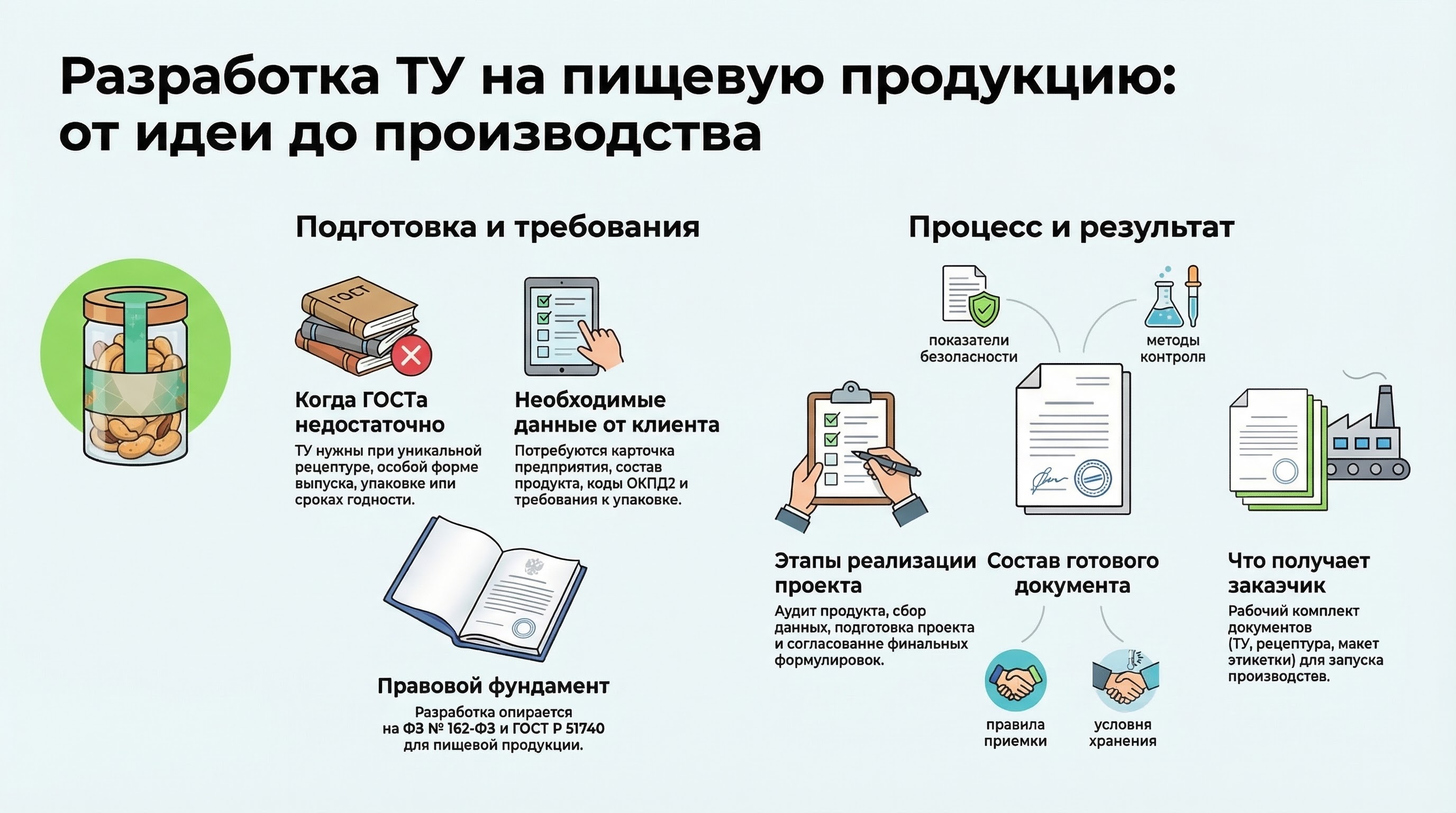 Разработка технических условий на пищевую продукцию идет по понятному рабочему сценарию:
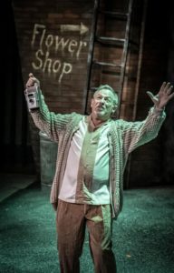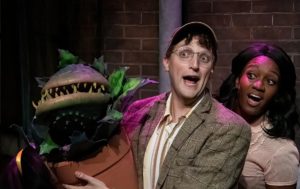 [rating=5]Citadel Theatre’s season-opener musical about the plant that everyone loves to hate delivers a knockout punch for an entertaining evening or afternoon. From the moment one walks into the theater, Scenic Designer Eric Luchen’s slightly cockeyed set indicates that something screwball is about to happen. (He is assisted by Scenic Artist David Geinosky.) Cindy Moon’s costumes are almost cartoonish but never over the top, evoking a mash-up of sixties-through-eighties fashion trends. Particularly clever is her evolution the of costumes of three girl trio, Chiffon, Crystal and Ronette, who start out poor on “Skid Row” (just as flower shop employee Seymour does), and then become a sort of Greek chorus as Seymour’s fortunes improve. Starting out the show in schoolgirl plaid, they evolve into matching gowns a la the Supremes. Moon makes sure to tweak the costumes in some way for each chorus member so that she is distinct.
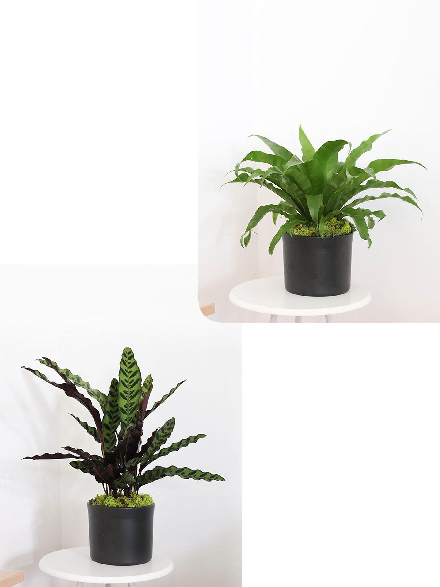 Duo Calathea Paon de Rio X Fougère nid d'oiseau 60cm / 50 cm Medium Mid-Century
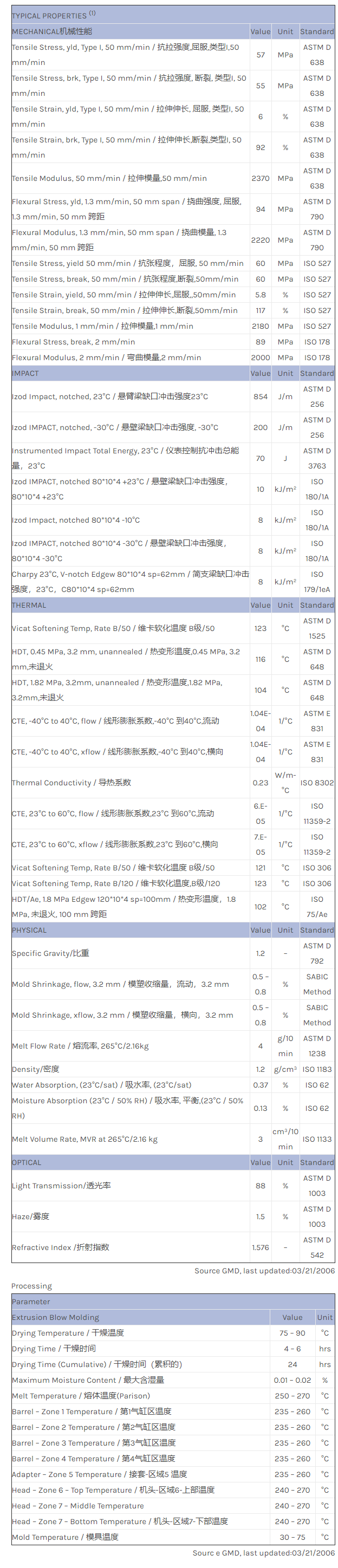 应用范围:产品描述XYLEX PC/PET X8409AC物性表PC + Polyester, Injection (Blow) Molding, or Extrusion Blow molding grade, Chemical Resistance and Transparency
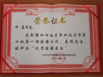 许嘉作为北京市委组织部第十批医疗援疆干部,对口支援新疆和田地区人民医院,在耳鼻喉科任职一年来,牢记使命,担当奉献,坚持每日教学查房,结合疑难病例指导临床工作,帮助当地一线医师建立系统和规范的临床思维,开展电子喉镜窄带成像技术,填补了当地的技术空白。前往墨玉县扎瓦乡、奎牙镇开展0-6岁儿童耳鼻喉科疾病的筛查工作,并通过实地操作手把手教学,把这一技术留在当地,助力和田地区医院全面开展新生儿AABR听力筛查。同时在当地开展小儿腺扁手术围手术期宣教,组织将清华长庚医院耳鼻咽喉头颈外科护理团队编写的相关材料翻译成维语派发给患儿家属,普及了相关医学知识,圆满完成了援疆各项任务。获得新疆和田地区人民医院“民族团结先进个人奖”、中共北京市援疆和田指挥部委员会“优秀援疆医生”等荣誉。
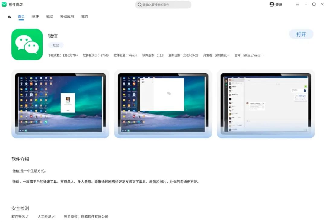“国民软件”微信持续迭代升级,每次更新都引人关注。今天,微信2.1.8版本(原生适配银河麒麟操作系统)正式上架麒麟软件商店!
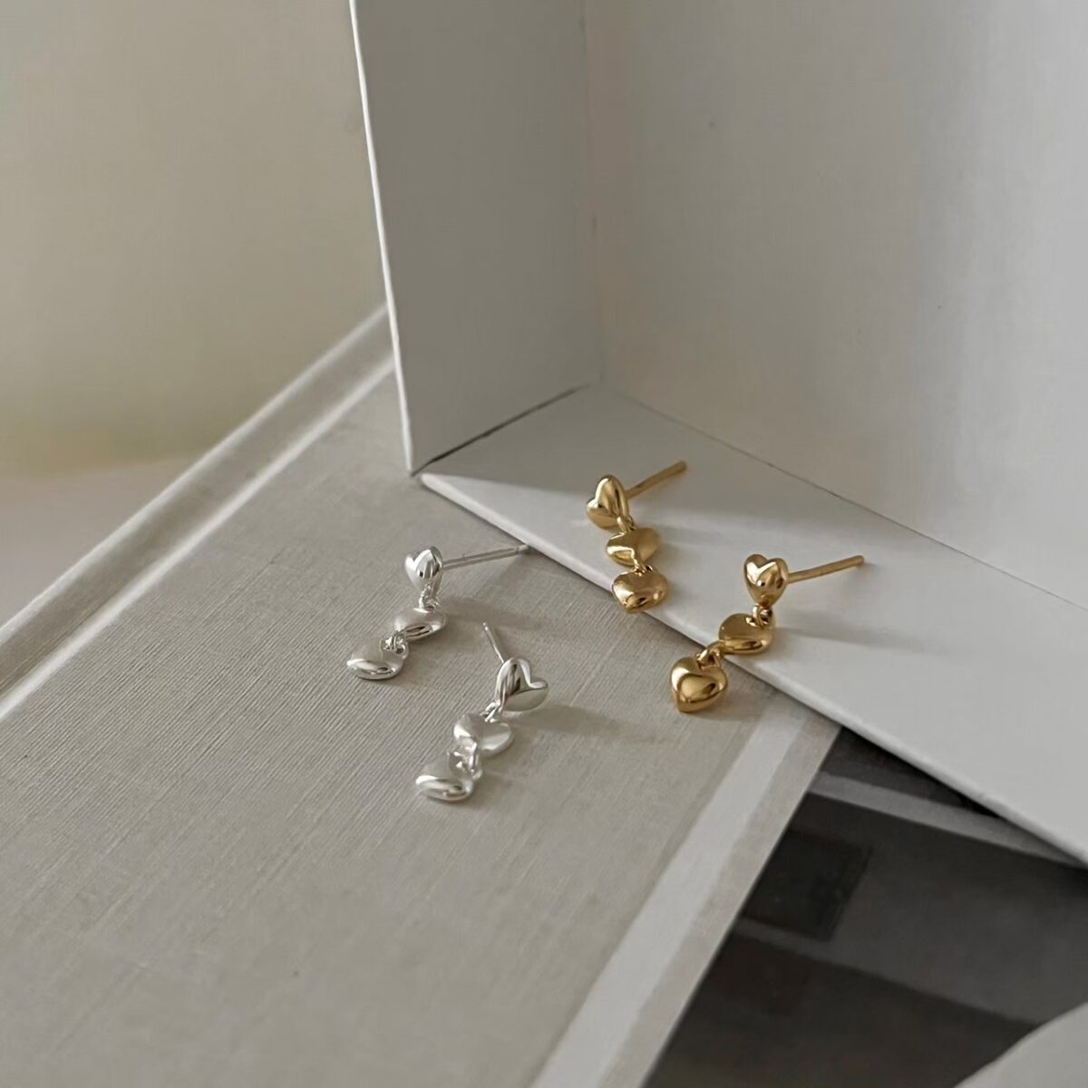 純銀小愛心三連發耳環
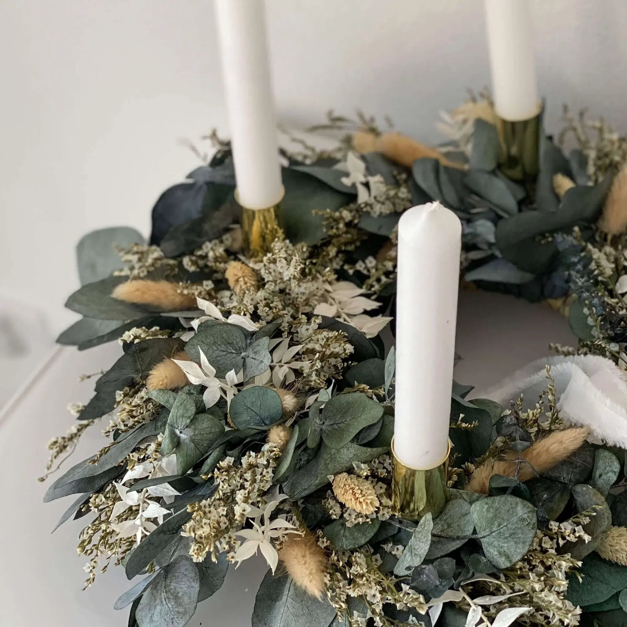 Unsere handgefertigten Adventskränze aus Trockenblumen vereinen traditionelle Weihnachtsstimmung mit modernem Design. Jeder Kranz ist ein Unikat und kann auf Wunsch mit passenden Stabkerzen ergänzt werden – wahlweise in klassischen Rottönen oder modernen Pastellfarben. So wird dein Kranz zum stilvollen Highlight auf jedem Tisch.
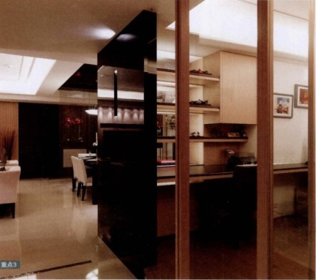 在位于走道旁的書房,為了讓空間更通透,設計師采用具有反射作用的烤漆玻璃,以及有加大空間效果的玻璃門,營造出開放式的寬敞感。以層板高低排列的展示書架,又成為書房與餐廳的隔斷。

**TASK ITEM:** If an entry contains an image, please omit that image and print everything else verbatim.

**WRITTEN RESPONSE:**
 Разработка технических условий на пищевую продукцию идет по понятному рабочему сценарию:
 [rating=5]Citadel Theatre’s season-opener musical about the plant that everyone loves to hate delivers a knockout punch for an entertaining evening or afternoon. From the moment one walks into the theater, Scenic Designer Eric Luchen’s slightly cockeyed set indicates that something screwball is about to happen. (He is assisted by Scenic Artist David Geinosky.) Cindy Moon’s costumes are almost cartoonish but never over the top, evoking a mash-up of sixties-through-eighties fashion trends. Particularly clever is her evolution the of costumes of three girl trio, Chiffon, Crystal and Ronette, who start out poor on “Skid Row” (just as flower shop employee Seymour does), and then become a sort of Greek chorus as Seymour’s fortunes improve. Starting out the show in schoolgirl plaid, they evolve into matching gowns a la the Supremes. Moon makes sure to tweak the costumes in some way for each chorus member so that she is distinct.
 Duo Calathea Paon de Rio X Fougère nid d'oiseau 60cm / 50 cm Medium Mid-Century
 应用范围:产品描述XYLEX PC/PET X8409AC物性表PC + Polyester, Injection (Blow) Molding, or Extrusion Blow molding grade, Chemical Resistance and Transparency
 许嘉作为北京市委组织部第十批医疗援疆干部,对口支援新疆和田地区人民医院,在耳鼻喉科任职一年来,牢记使命,担当奉献,坚持每日教学查房,结合疑难病例指导临床工作,帮助当地一线医师建立系统和规范的临床思维,开展电子喉镜窄带成像技术,填补了当地的技术空白。前往墨玉县扎瓦乡、奎牙镇开展0-6岁儿童耳鼻喉科疾病的筛查工作,并通过实地操作手把手教学,把这一技术留在当地,助力和田地区医院全面开展新生儿AABR听力筛查。同时在当地开展小儿腺扁手术围手术期宣教,组织将清华长庚医院耳鼻咽喉头颈外科护理团队编写的相关材料翻译成维语派发给患儿家属,普及了相关医学知识,圆满完成了援疆各项任务。获得新疆和田地区人民医院“民族团结先进个人奖”、中共北京市援疆和田指挥部委员会“优秀援疆医生”等荣誉。
“国民软件”微信持续迭代升级,每次更新都引人关注。今天,微信2.1.8版本(原生适配银河麒麟操作系统)正式上架麒麟软件商店!
 純銀小愛心三連發耳環
 Unsere handgefertigten Adventskränze aus Trockenblumen vereinen traditionelle Weihnachtsstimmung mit modernem Design. Jeder Kranz ist ein Unikat und kann auf Wunsch mit passenden Stabkerzen ergänzt werden – wahlweise in klassischen Rottönen oder modernen Pastellfarben. So wird dein Kranz zum stilvollen Highlight auf jedem Tisch.
 在位于走道旁的書房,為了讓空間更通透,設計師采用具有反射作用的烤漆玻璃,以及有加大空間效果的玻璃門,營造出開放式的寬敞感。以層板高低排列的展示書架,又成為書房與餐廳的隔斷。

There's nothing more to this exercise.